Exercise instructions » Hand back every line from the beginning of the data below through the line containing "東京4R 3歳未勝利(芝1800m) 11:45発走", word for word and free of pictures.
START Information provided
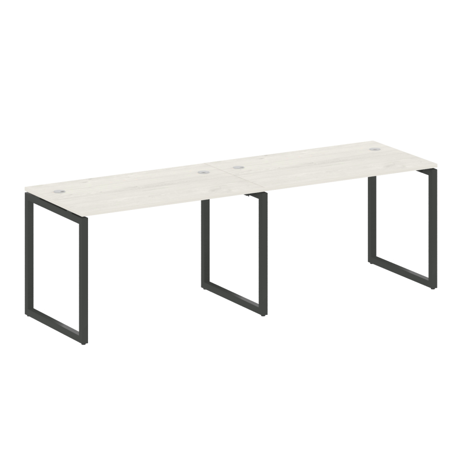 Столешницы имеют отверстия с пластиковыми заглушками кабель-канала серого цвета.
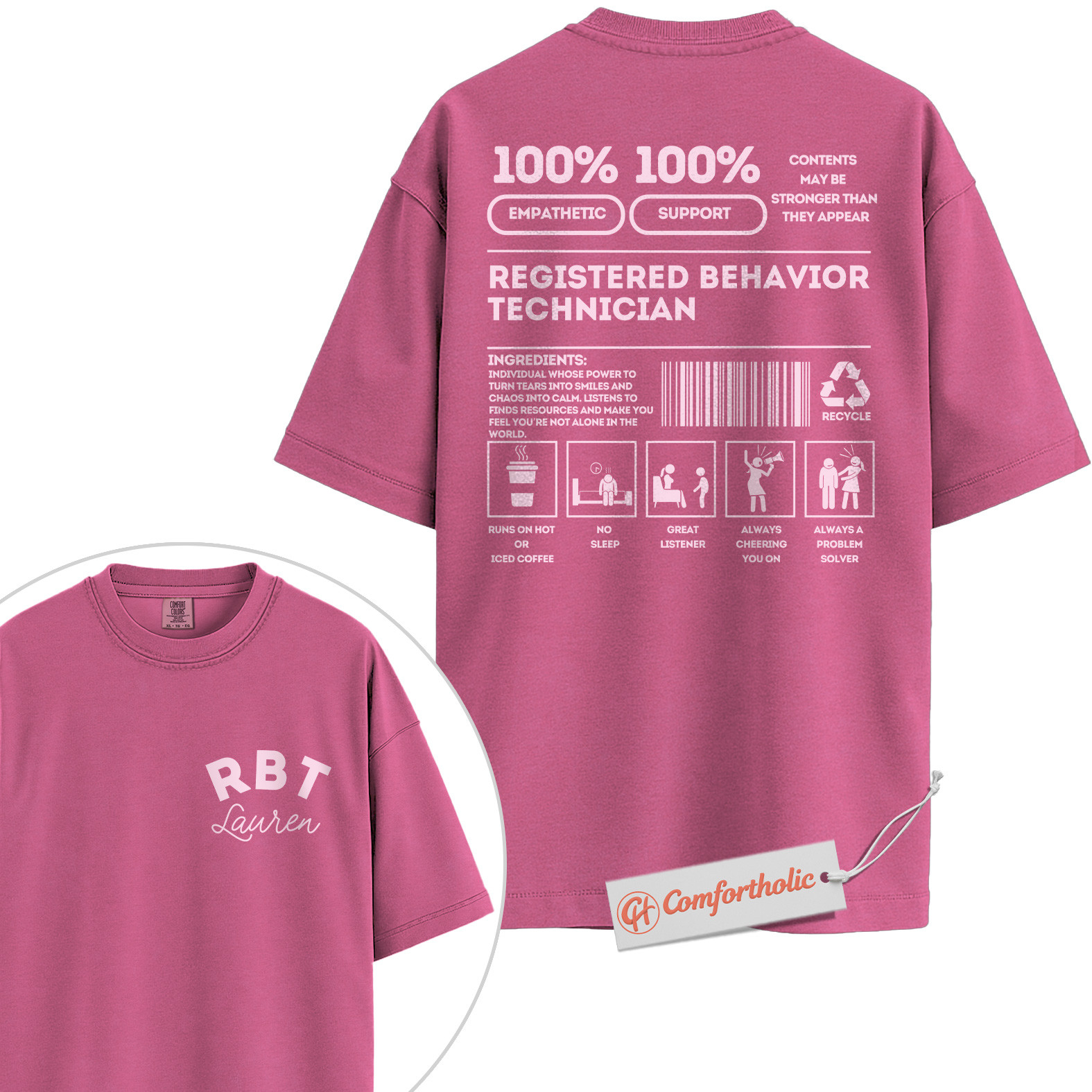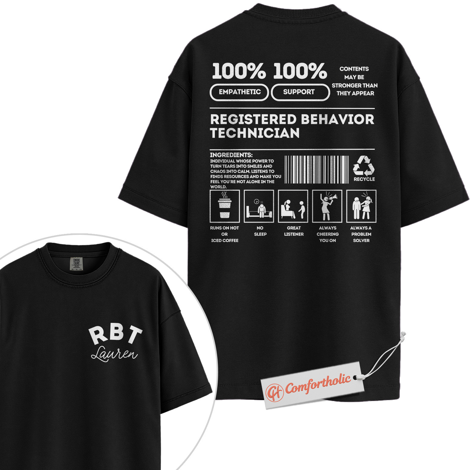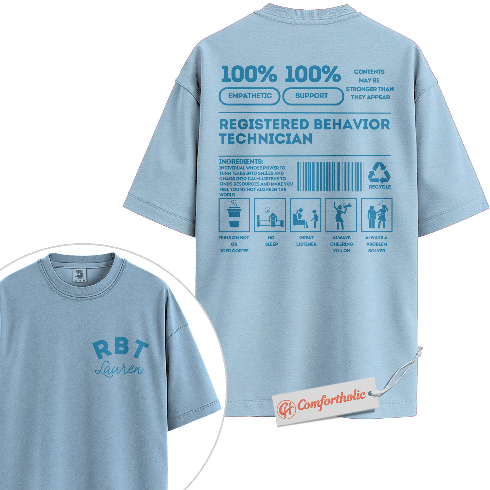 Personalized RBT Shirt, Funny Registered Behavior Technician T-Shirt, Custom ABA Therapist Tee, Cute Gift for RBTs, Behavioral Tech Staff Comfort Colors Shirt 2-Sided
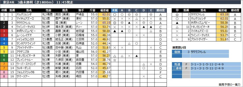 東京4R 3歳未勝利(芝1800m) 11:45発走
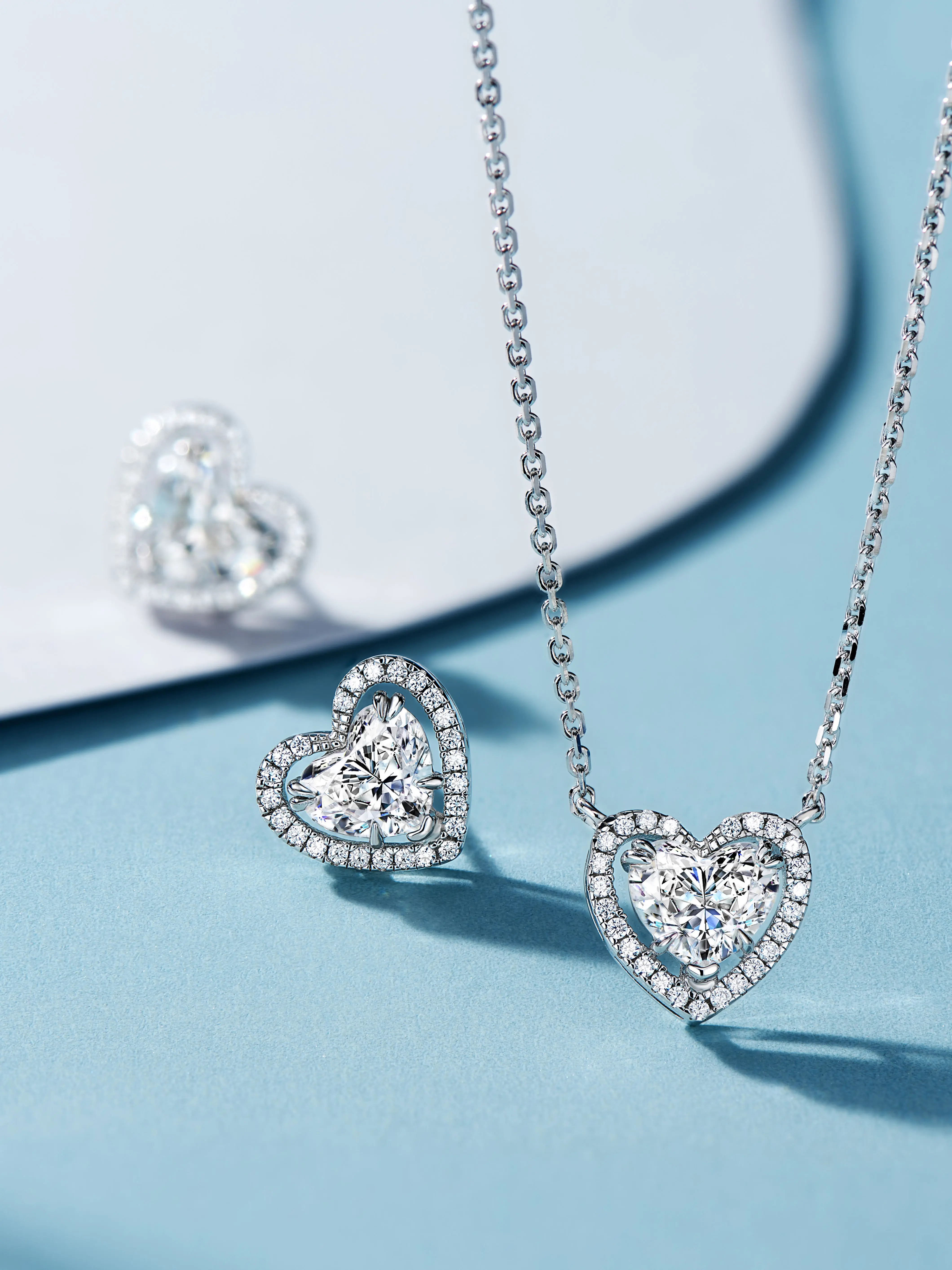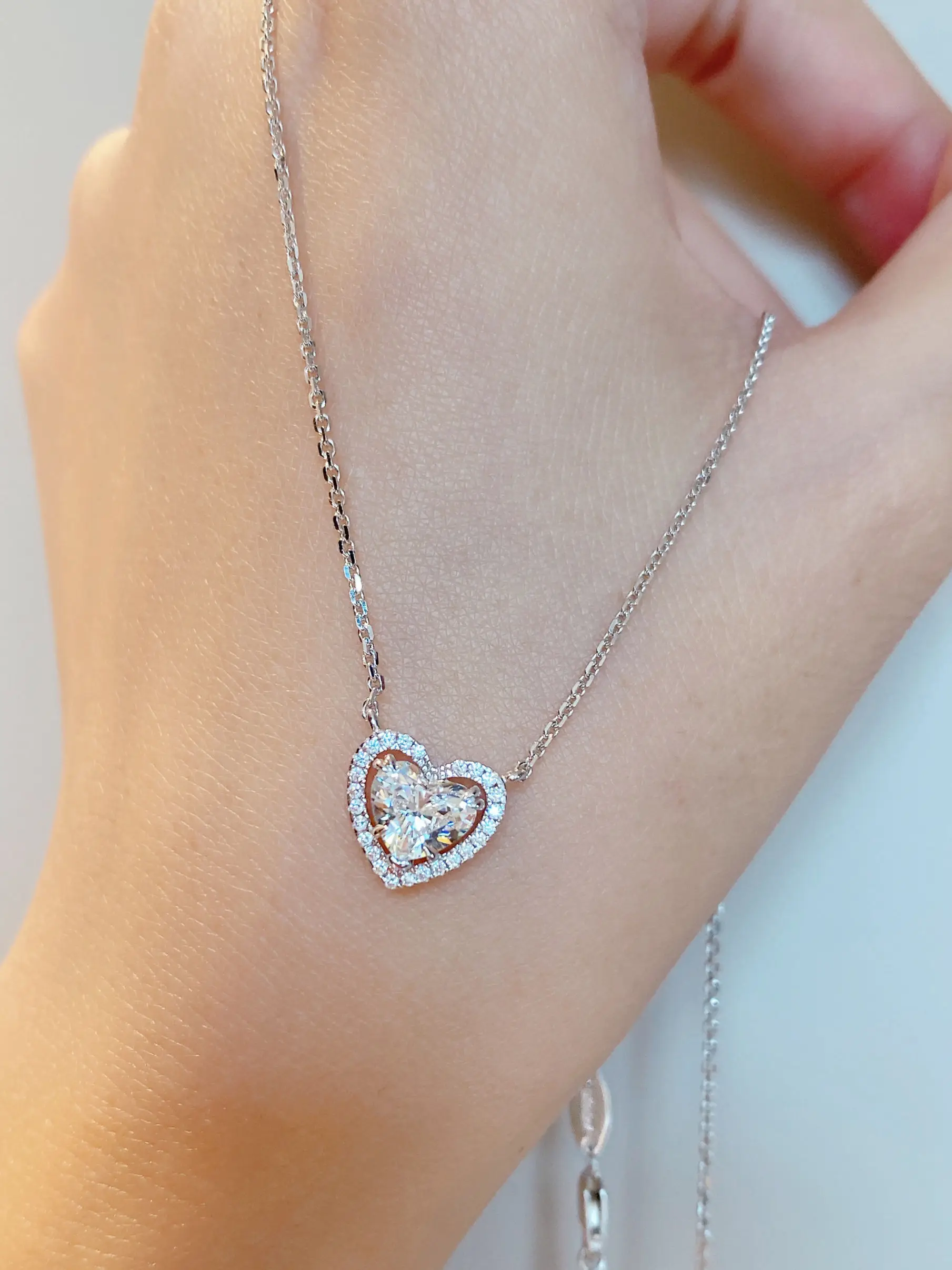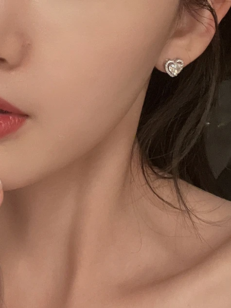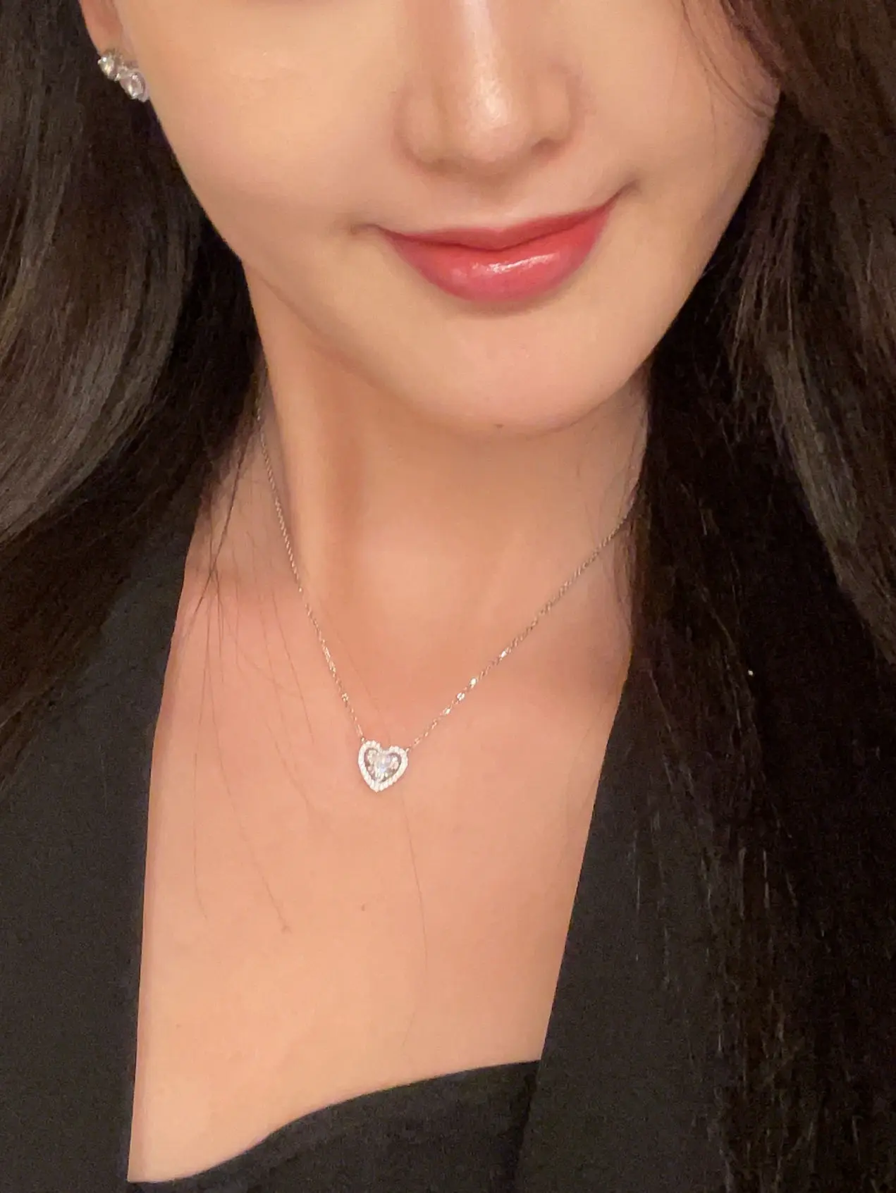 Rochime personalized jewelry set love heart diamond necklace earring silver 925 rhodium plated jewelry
END Information provided
Task response »
 Столешницы имеют отверстия с пластиковыми заглушками кабель-канала серого цвета.
 Personalized RBT Shirt, Funny Registered Behavior Technician T-Shirt, Custom ABA Therapist Tee, Cute Gift for RBTs, Behavioral Tech Staff Comfort Colors Shirt 2-Sided
 東京4R 3歳未勝利(芝1800m) 11:45発走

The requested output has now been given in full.